Консолидация новой экономической элиты определяла самоорганизацию групповых интересов бизнеса. «Сверхэлита» опередила других в отношении связей с государством.
У новой экономической элиты низкий уровень внутренней консолидации, они устанавливают индивидуальные связи с властью.
Указанная особенность, с одной стороны, маргинализирует элиты, а с другой - за счет повышенной циркуляции и инфильтрации повышает степень их корпоративности. В этом отношении новая российская политико-административная элита ближе к номенклатурной, нежели к западному типу политико-административной элиты.
Современная политическая элита России так и не смогла «капитализироваться» и по-прежнему действует административными методами в руководстве политическими и экономическими процессами.
Они направлены не на создание и приращение новых возможностей, а no-преимуществу, на передел и перераспределение имеющихся ресурсов. Доминирующей остается перераспределительная черта.

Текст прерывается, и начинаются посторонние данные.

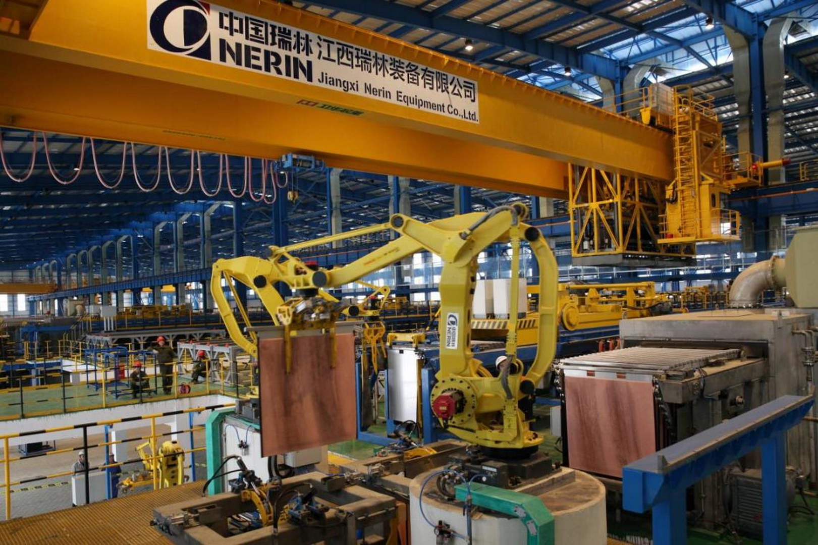 智能工厂建设方面,江铜国兴智能工厂是NDI产品深度应用的典型代表。中国瑞林团队凭借对铜冶炼工艺的精深理解,围绕“侧吹炉熔炼+多喷枪顶吹吹炼+回转式阳极炉精炼+永久不锈钢阴极电解”工艺流程,从工程设计、施工建设到生产操作、运营管理的全阶段,进行了多项优化创新,众多智能装备首次应用于铜冶炼工艺,如顶吹炉智能调枪系统、机器人阴极剥片机组、电解阳极整形机组等。统一基础平台、一体化管控中心、“侧 + 顶”专家系统、一体化生产运营管理应用系统等的综合建设,开创了有色金属冶炼智能工厂建设新模式。NDI产品对冶炼工艺流程进行全面数智化升级,通过专家系统精准优化熔炼、吹炼等环节工艺参数,显著提升生产自动化水平与产品质量;一体化生产运营管控系统实现多业务协同管理,助力企业实时掌握生产运营动态,优化生产计划和调度决策,降低运营成本。

Стилевые характеристики деятельности российской политической элиты могут быть дополнены также сопоставлением используемых у нас и на Западе методов управленческого воздействия. В этом плане для российской элиты сохраняется приверженность программно-целевым подходам. Это отражает не только преобладание технократических характеристик в ментальности элит, но и действие ряда объективных факторов.

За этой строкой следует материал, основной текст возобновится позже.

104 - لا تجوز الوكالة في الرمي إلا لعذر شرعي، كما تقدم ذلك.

Анализ политических, социально-экономических и цивилизационных особенностей развития России показывает, что, в отличие от западных государств, для российской действительности программно-целевой метод политического управления оказывается наиболее адекватным и единственным, позволяющим сохранить государственную целостность и идентичность в условиях сложившихся геополитических и географо-климатологических реалий. Что касается социально-представительского типа управления, к которому тяготеет Запад, то он более адекватен для развития России на региональном уровне, да и то - не повсеместно (значительная часть северных и восточных регионов не сможет длительное время существовать без опоры на программно-целевые методы и на региональном уровне)1. Что касается новой конфигурации российских политических элит, начинающей просматриваться в последнее время не только в связи со сменой лидера (президента), но и в связи со значительными изменениями (внутреннего и внешнего политического порядка, она выглядит следующим образом:
обращается внимание на значительное восстановление роли и места силовых элементов в составе политических элит;
это также обусловлено, с одной стороны, существующими геополитическими реалиями и значительной утерей Россией военно-стратегических ресурсов и прежнего военно-политического имиджа, который продолжал ее предохранять от традиционных для ее истории угроз безопасности. С другой стороны, речь следует вести о создании долговременных гарантий новому классу собственников, которые в существенной мере создает именно силовая составляющая государственной власти.
Обстановка в государстве после почти 15 лет демилитаризации, разгосударствления, деидеологизации, многочисленных экономических и правовых реформ подошла к той грани, когда и в общественном мнении населения, и в сознании элит однозначно на первые места среди возможных угроз вышли факторы личной, общественной и государственной безопасности и самосохранения.
Что касается России, то здесь период 15-летнего исключения силового и военно-промышленного влияния на власть является скорее исключением из ее многовековой традиции.
Укрепление политического положения и авторитета силовой группировки может быть связано также с программой мер по строительству правового государства с укреплением закона, порядка и ответственности, борьбе с преступностью, популярными и в то же время ожидаемыми видятся шаги по установлению контроля над теневой экономикой, укрепление государственного сектора экономики и частичное перераспределение крупной собственности.
Касательно других изменений в конфигурации элит следует подчеркнуть продолжающееся замещение влияния научно-технических и гуманитарных элит информационной элитой. Вместе с тем она поставлена в определенные иерархические рамки. С позиций внешней независимости и амбициозности, пожалуй, переведена в ранг «отдела пропаганды». Прежняя претензия на выполнение роли гражданского общества, независимого и неприкасаемого социального критика отставлена политико-административной элитой и конвертирована в инструмент обслуживания власти.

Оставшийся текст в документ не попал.